DATA EXTRACT section start

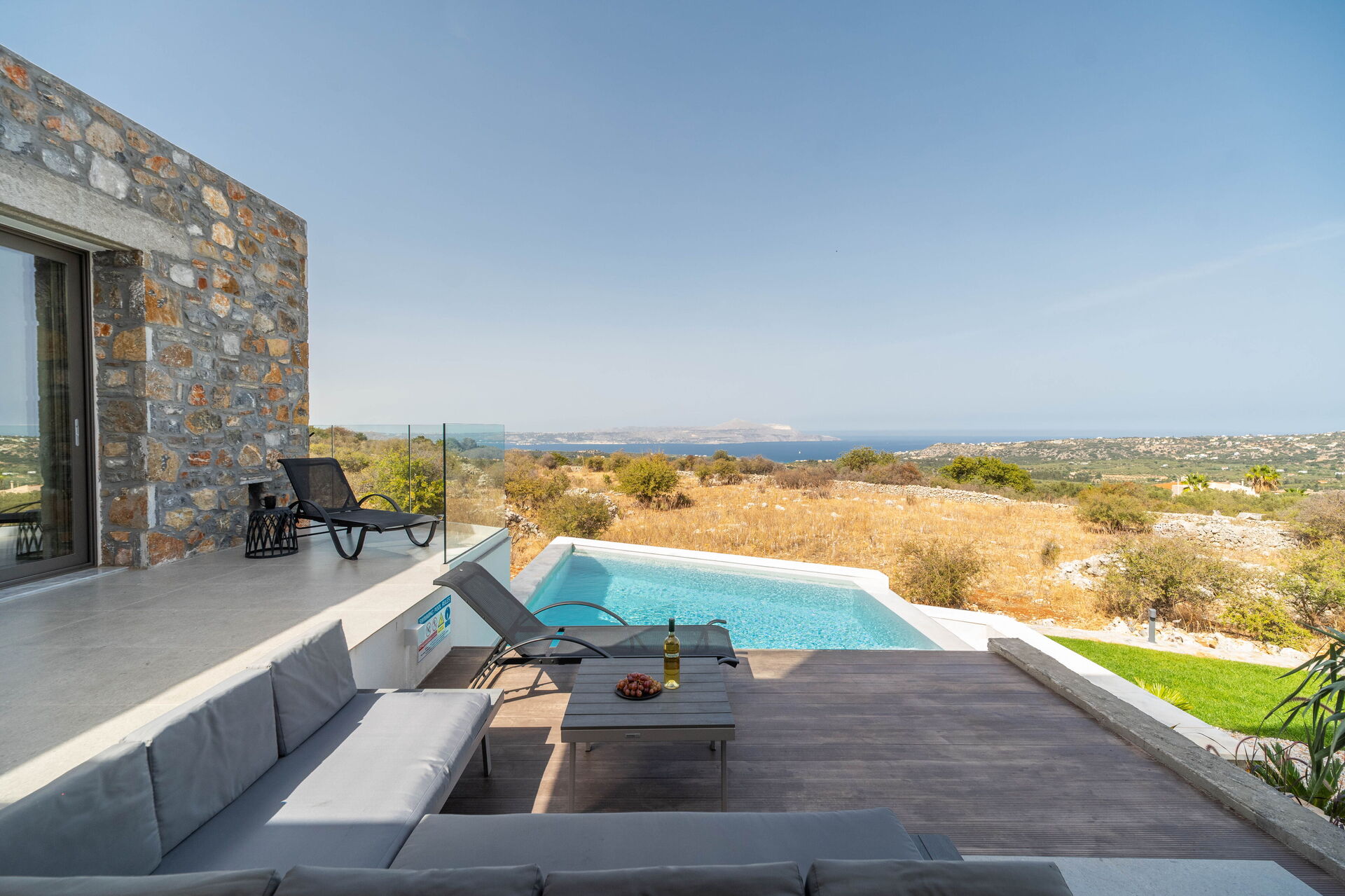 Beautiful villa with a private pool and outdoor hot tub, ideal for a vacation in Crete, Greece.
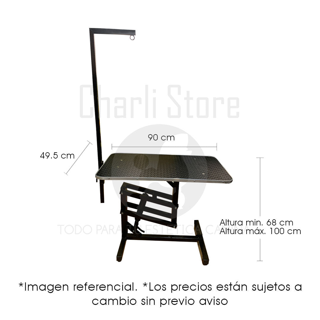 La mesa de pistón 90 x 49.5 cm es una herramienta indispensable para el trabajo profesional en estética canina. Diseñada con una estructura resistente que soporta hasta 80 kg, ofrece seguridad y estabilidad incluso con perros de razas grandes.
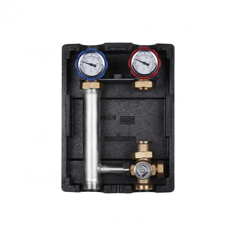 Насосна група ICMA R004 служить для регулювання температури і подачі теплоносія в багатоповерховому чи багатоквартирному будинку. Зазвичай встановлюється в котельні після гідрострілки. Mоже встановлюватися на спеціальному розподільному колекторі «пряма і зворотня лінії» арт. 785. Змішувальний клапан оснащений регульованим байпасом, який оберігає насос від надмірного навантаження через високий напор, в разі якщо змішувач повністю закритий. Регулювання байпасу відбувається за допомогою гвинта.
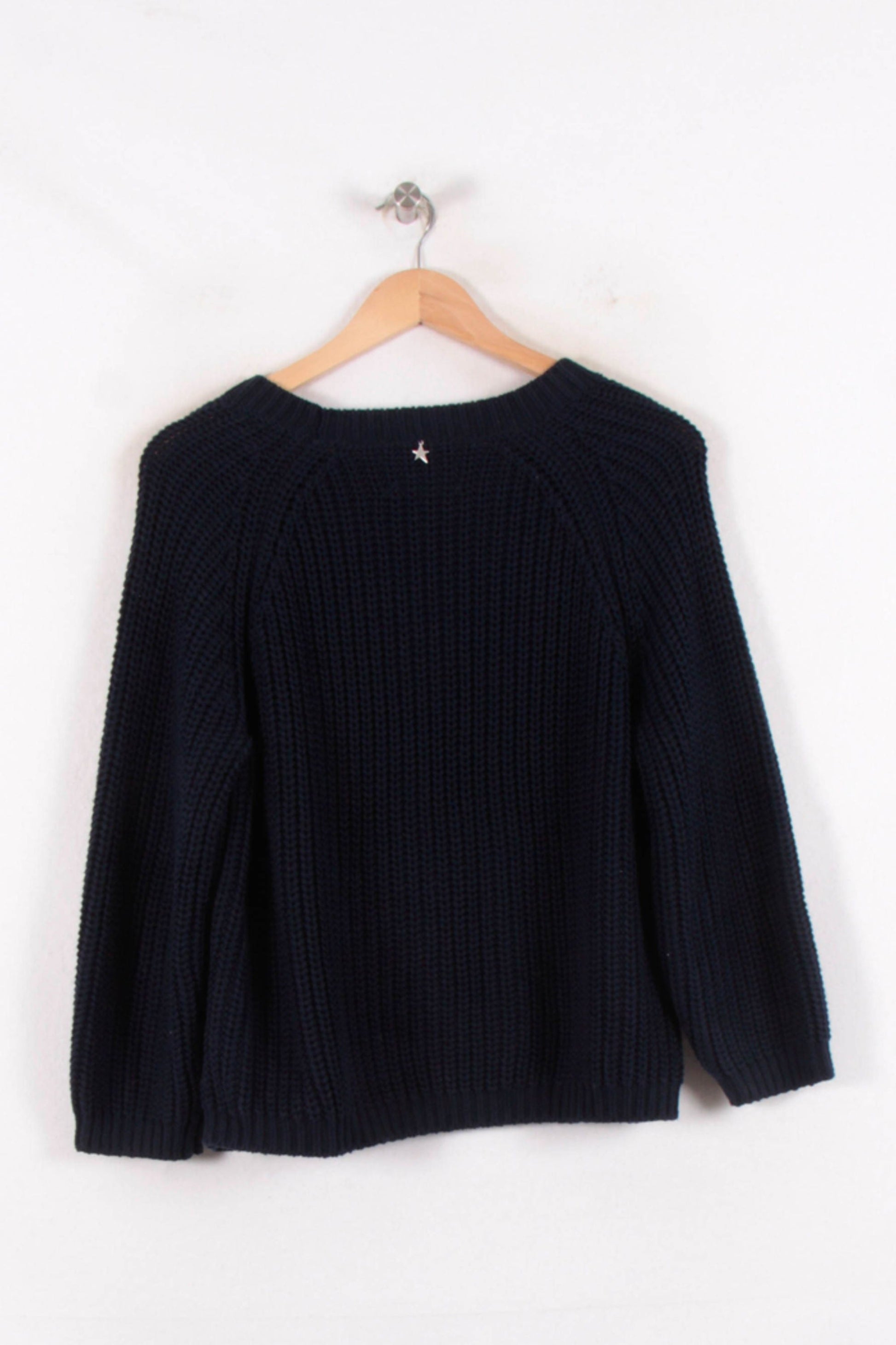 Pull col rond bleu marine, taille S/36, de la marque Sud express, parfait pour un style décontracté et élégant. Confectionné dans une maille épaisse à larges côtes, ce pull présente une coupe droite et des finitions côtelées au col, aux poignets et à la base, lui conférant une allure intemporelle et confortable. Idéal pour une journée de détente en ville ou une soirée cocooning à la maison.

DATA EXTRACT section end

TASK TO COMPLETE: Please print all the lines above exactly as given and leave out every picture.

ANSWER TO THIS TASK:
 Beautiful villa with a private pool and outdoor hot tub, ideal for a vacation in Crete, Greece.
 La mesa de pistón 90 x 49.5 cm es una herramienta indispensable para el trabajo profesional en estética canina. Diseñada con una estructura resistente que soporta hasta 80 kg, ofrece seguridad y estabilidad incluso con perros de razas grandes.
 Насосна група ICMA R004 служить для регулювання температури і подачі теплоносія в багатоповерховому чи багатоквартирному будинку. Зазвичай встановлюється в котельні після гідрострілки. Mоже встановлюватися на спеціальному розподільному колекторі «пряма і зворотня лінії» арт. 785. Змішувальний клапан оснащений регульованим байпасом, який оберігає насос від надмірного навантаження через високий напор, в разі якщо змішувач повністю закритий. Регулювання байпасу відбувається за допомогою гвинта.
 Pull col rond bleu marine, taille S/36, de la marque Sud express, parfait pour un style décontracté et élégant. Confectionné dans une maille épaisse à larges côtes, ce pull présente une coupe droite et des finitions côtelées au col, aux poignets et à la base, lui conférant une allure intemporelle et confortable. Idéal pour une journée de détente en ville ou une soirée cocooning à la maison.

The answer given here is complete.